Coincidentally, my father also joined the DCS after almost seven years of foreign service with the Royal Signals - in north Africa with the Eight Army, then seconded to the LRDG and the fledgling SAS, before returning to HQ 8th Army Group for the campaigns flowing back and forth across Africa before advancing north to Sicily, through Italy and thence into Germany.


The DCS was set up to provide high quality, accurate mapping services to Britain's colonies. DCS sent out aerial survey teams and on-the-ground cartographers to virtually all parts of the globe that were then marked in red on school atlases - the Commonwealth. With Great Britain's empire shrinking fast in the troubled post-war years, the DCS became the Directorate of Overseas Surveys (DOS) in 1960, although still providing mapping for a huge number of former colonies. Only in 1980, when my dad retired, did the DOS become absorbed into the Ordnance Survey.

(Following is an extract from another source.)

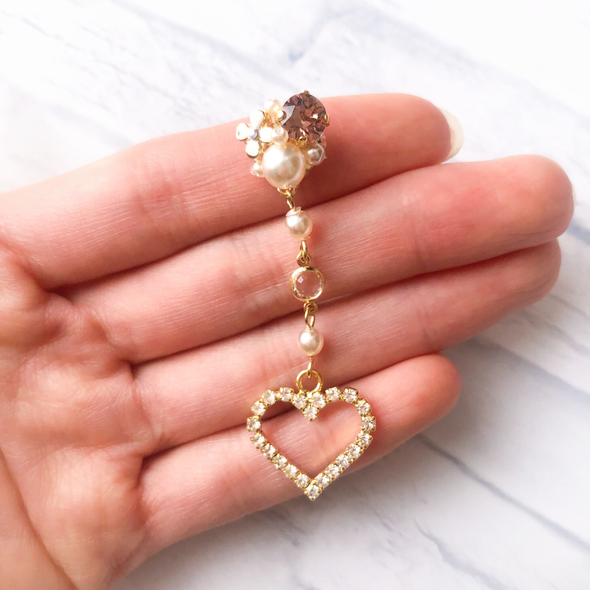 キラキラハートのチャームが付いた長めのピアス/イヤリング♡

What has all this got to do with the image on this page?


Well, amongst all his effects after he died, were a vast number of maps, stereo pairs of aerial survey photographs, wartime reconnaissance photographs, immense printing plates of maps and - lastly - a box containing glass positive 9x9inch contacts off the original 9x9inch aerial survey negative films.


Unusually the images contained no marginal information at all - no height, speed, heading or location. This was virtually unknown and it piqued my curiosity. I wasn't even sure which way round the plates should be viewed from. Were they contacted emulsion to emulsion, which should have been the correct way, or were they the result of a quick fix? I shot all the individual plates - about 9 or 10 as I recall - on a light table under a rostrum camera and then set about aligning them and trying to stitch them together. When that was finished I still had no idea where in the world the image depicted. I still had no idea when it was taken, other than certainly after 1946 and before 1980! The use of glass plates was still common up until the early 1970s because they provided a much more precise method of mapping than film, which was prone to shrinkage and distortion.


I scoured Google Earth in my spare time but always drew a blank. And then, expecting very little, I put the image on to Facebook in the hope that someone might just recognise the location. There was no feedback at all. My hopes of finding out where in the world the location was faded.


For almost two years nothing happened until I rediscovered the composite file. Importing it into Photoshop I rotated it into each of the four most likely headings - north, east, south and west and then flipped it laterally to provide a total of eight possible views which I then posted on Facebook in early October 2015.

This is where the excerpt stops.